I have always loved a good tale of falling down the research rabbit hole and enjoy it when I can cheer a heroic archivist or librarian along the way. Beyond that, I appreciated that this volume shows how valuable research is to the person undertaking it, no matter the reason. In doing so, it serves as a reminder that researchers have different needs; where one researcher is looking for “the truth” another might be looking for background and details to get the feel of his or her work “right,” but not to exhaust all ends. It demonstrates the ripple effect and impact of successful searching and how helpful archivists and librarians play a role in these victories. Unfortunately, less helpful colleagues figure in these essays as well. One example is a librarian depicted in writer Jan Reid's “Comanches, Cowboys, and a Political Rock Star” who was “snippy and haughty” (p. 183) and, worse than that, wrong.

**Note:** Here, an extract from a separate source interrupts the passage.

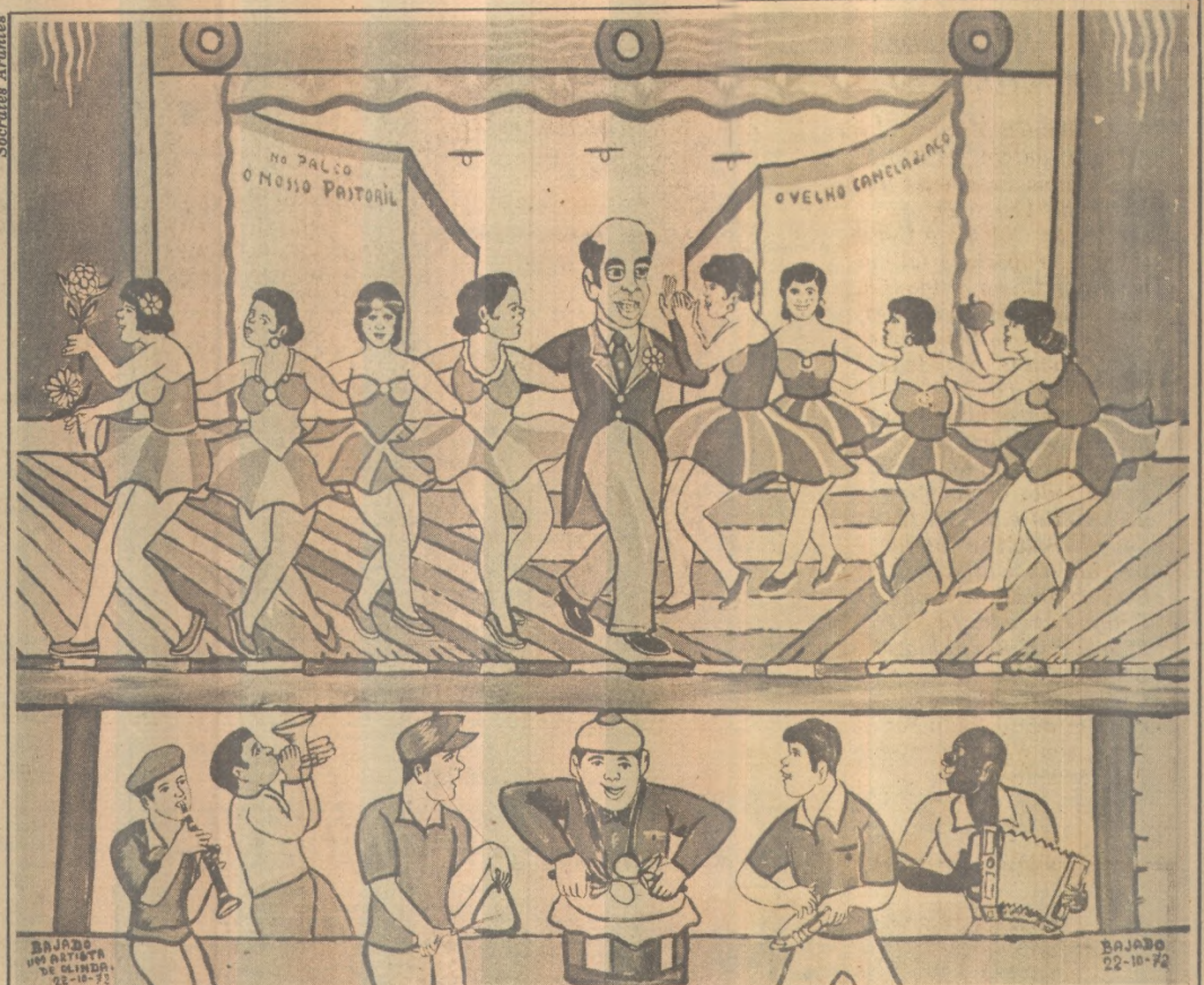
Um dos quadros de Bajado - "um artista de Olinda" - em exposição no Núcleo de Arte Contemporânea

ÁRIES 21 de março a 20 de abril - Hoje o ariano deve dedicar-se mais às compras e atividades domésticas, em atitude de recolhimento e introspecção. Favorecidas as construções e decorações. Não assine documentos importantes ou questione com autoridades. Busque usufruir plenamente do convívio dos que lhe são caros. Aconselhada maior aproximação com a natureza. Negligência no amor. Sua saúde continua regular. TOURO 21 de abril a 20 de maio - Você hoje pode, de forma altamente positiva, dedicar-se a assuntos que digam respeito a modificações em seu lar ou ambiente de trabalho. Excepcional oportunidade de aprimoramento de suas condições pessoais poderá lhe ser oferecida de forma inesperada e como grande surpresa. Harmonia doméstica. Procure analisar calmamente seus reais sentimentos. Saúde boa. Grande vitalidade. GÊMEOS 21 de maio a 20 de junho - Aproveite este sábado para ordenar, corretamente, seus planos e projetos mais imediatos, relacionados a sua vida pessoal e profissional. Controle de forma mais efetiva uma tendência acentuada a compra de impulso e fundadas em repentinas decisões. Surpresas agradáveis com parentes ou amigos próximos.

The concern the writers express about the lack of personal connection and reliance on the digital world is understandable, and without a doubt they prove their point about the value of speaking to people. Trying to retrace his own research path electronically, Miller notes, “While I was occasionally surprised at what I found, I was more surprised by what I found no trace of” (p. 5). In reflecting on the sometimes heavy-handedness of these passages, I found it necessary to remind myself that Curiosity's Cats is not an “archives” book. Archivists know that not everything can be found online; Miller's concern (and ours) is how many people do not know that. In that light, I hope this book helps us form our arguments about the necessity of archives and that its essays find their way into schools and colleges (perhaps via library- and archives-driven instruction sessions). But, I also felt some concern at how much the value of “presence” is often mixed with nostalgia in these essays. It would have been interesting and useful to read about research from the perspective of a “digital native”—someone who had no recall of doing research without first checking online. The authors also little acknowledge that many people—especially those with a passion project rather than a professional mandate—rely on the digital world because they cannot afford the time or money to take research trips such as the ones described in Curiosity's Cats.
As an archivist who does reference, I appreciate that this book is not meant to be instructional—it is not about how to provide good assistance—but rather shows a user-side view of the joys and frustrations of trying to find information, of suspecting that a fact is floating out there that you have not quite managed to pin down yet. Archivists can learn lessons from it, particularly about how researchers look to us for guidance but can easily lose faith in our abilities. It is also instructive to remember that displaying enthusiasm for a researcher's work can help him or her along. Perhaps most important, Curiosity's Cats underscores the relevance of archives.